WBL Covers This
'Wealth By Level' is not 'how much treasure you should hand out'.
It's how much wealth the players should have on them. So if they spend 75% of their loot on parties, you need to drop 4x the treasure somehow.
Problems With This;
It's pretty metagamey.
If one PC throws huge parties and another doesn't, and they normally split treasure equally, you're in a pickle (Solution: Sunder the rich guy's gear, or find something for him to spend that extra money on).
Keeping track of people's wealth is a pain in the a.
Positive Consequences of This;
The Wish Economy
There is a concept, created by Frank Trollman and K which is called the 'Wish Economy'.
It posits that after a certain level of power, it's too easy for the Enchanter to mass-mind-control the treasuries of small nations, or the Necromancer to animate a giant workforce to plumb the poisonous depths of the gold mine, or the Conjurer to call Earth Elementals and Bind them to mine the Plane of Earth for a year and a day for precious metals en-masse, so forth and so on.
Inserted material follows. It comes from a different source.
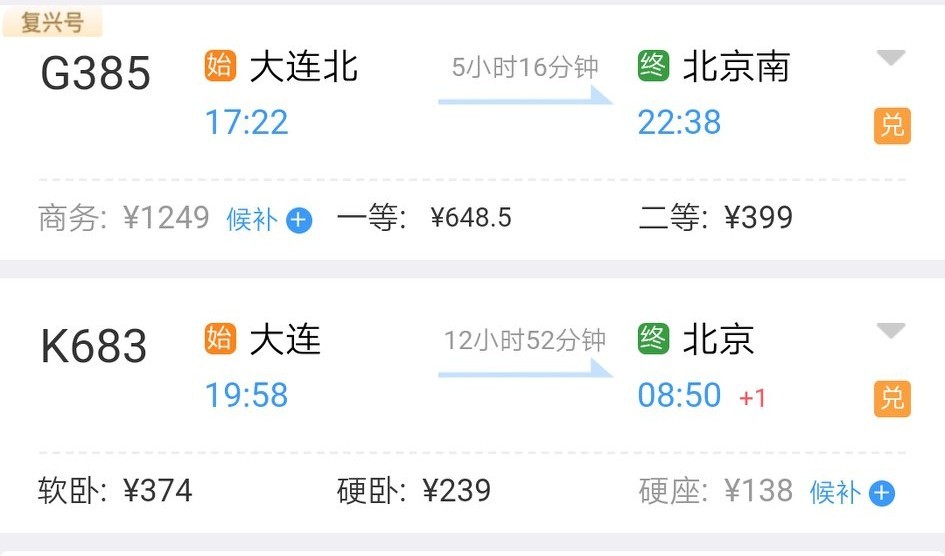 这个方案适合晚上出发的人,票价只要150多。适合没法赶上晚上大连直达北京普速列车的人。

If creative players can get more gold than they are supposed to, and directly convert that gold into power, it can be awkward for the GM.
Conversely, if the GM strictly limits how much gold the players have, then any skerrick of money the player spends on anything other than adventuring gear is 'wasted'. Either you're metagame managing their money (as the WBL system wants you to) via treasure drops, or you're letting them become king-gods of the magical item system, muhahahaha, haha, ha.
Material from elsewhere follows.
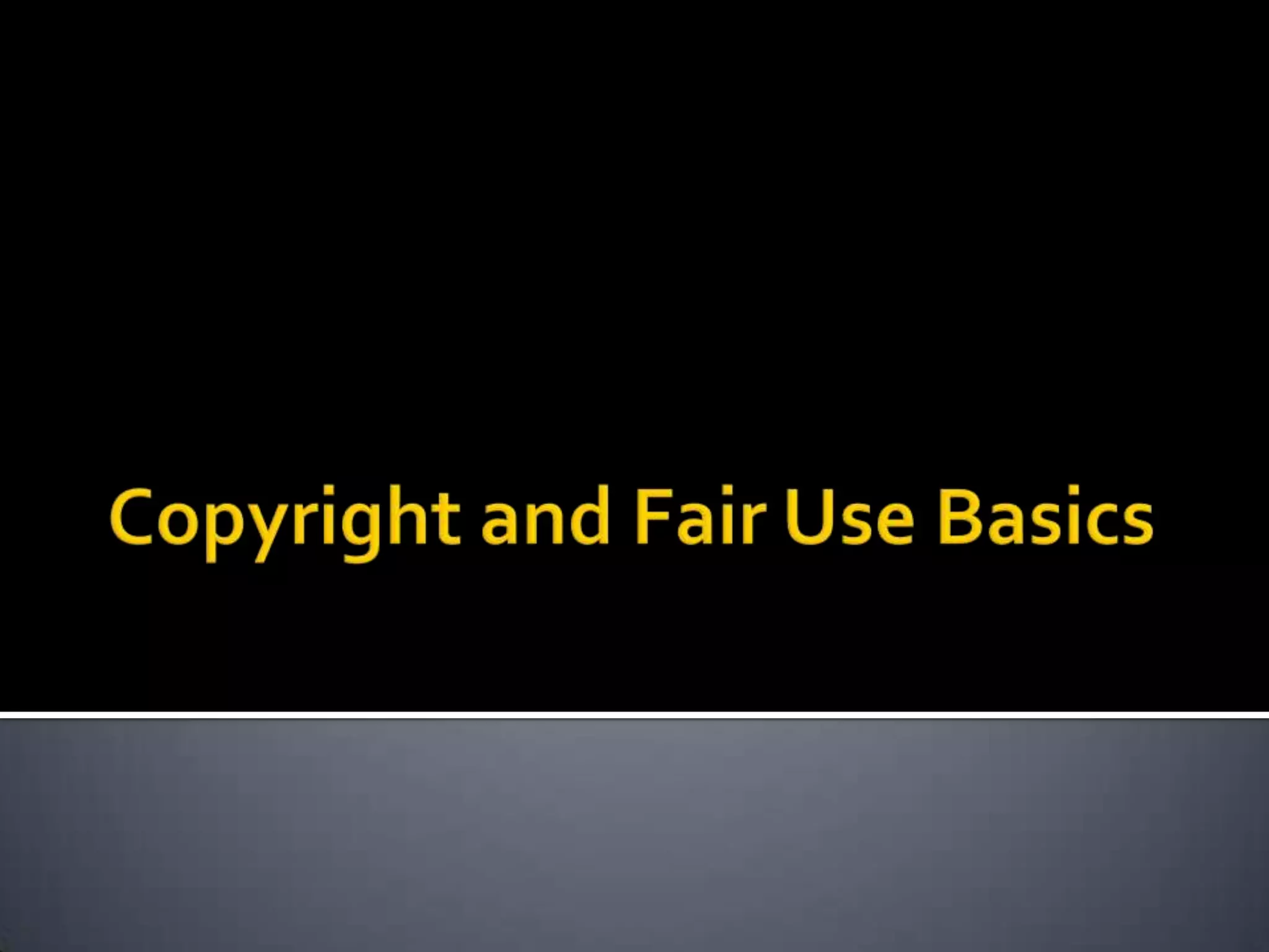 Copyright protects original works of authorship including writing, music, art, and other creative works. It exists to provide financial incentive for creative works by allowing creators to profit from their work. Anything in a fixed, tangible form is protected by copyright from the moment it is created. Educators can legally use works that are in the public domain, fall under fair use guidelines, or they have permission to use from the creator. Fair use allows limited use of copyrighted works for purposes like teaching without permission as long as it is for a non-profit educational use, only a small portion is used, and it does not harm the market for the original work.

The Wish Economy's answer to this is to essentially split the DnD economy into two halves. The 'Gold Economy' which contains Minor magic items and potions and things, which can be bought for gold, and the 'Wish' Economy, where things like wish 'vouchers', souls, rare planar substances (the stuff used to create magic items) and Medium and Major magical items are bartered in mafia-style backroom deals in planar metropoli. It's not a hard and fast rule - it's fine for the occasional Major magic item to be sold for gold, by some hick Material Plane rube who doesn't know any better, but the idea is that after a certain level (8-11), players stop caring about gold as much since it can't buy the things they want to buy. So they can use it to build fortresses and hire priests to minister to their lands and hire armsmen and pay for wild parties etc, because the gold is not worth as much to them at that point. Or they can buy huge wads of minor magical items, or scribe heaps of scrolls, or whatever, if that's their bag - but either way, it doesn't change their overall power that much, since at level 11 a Minor Magical Item is small beans.
The Wish Economy assumes that 'free' wishes from Genies and things are being directly converted into wealth which is why the bottom falls out of the gold economy at level 10, but there are many ways for spellcasters and rogues and even Fighters to make inappropriate levels of wealth once they get into the middle levels, so it really covers both scenarios.
Problems;
- Assumes spellcasters etc are trying to leverage their abilities to create wealth and power in the setting. There is an unspoken rule against this in some games, to create a medieval pastiche setting, so it won't suit settings or games like that.
- Assumes, to some degree, a planar multiverse, or a setting with a large enough number of high CR people and Major Magical Items to support an economy based on that.
Positive Consequences;
- Decouples 'Gold' and 'Power' at high levels, thankfully, finally.
- Creates interesting plot hooks by creating a 'planar economy'.
- Allows you to have things like a 'dragon hoard' that is actually the size of Smaug's in The Hobbit without making your players gods.
- Gives the party an excuse to build a giant fortress and army even though it's suboptimal normally.
- Lets you tell stories about leveraging economic power without the PCs just taking it all and dumping it into a magic mart to get personal power.
- Is pretty fun to roleplay, since getting a major magic item explicitly becomes a planar shopping trip with associated mini-quest every time.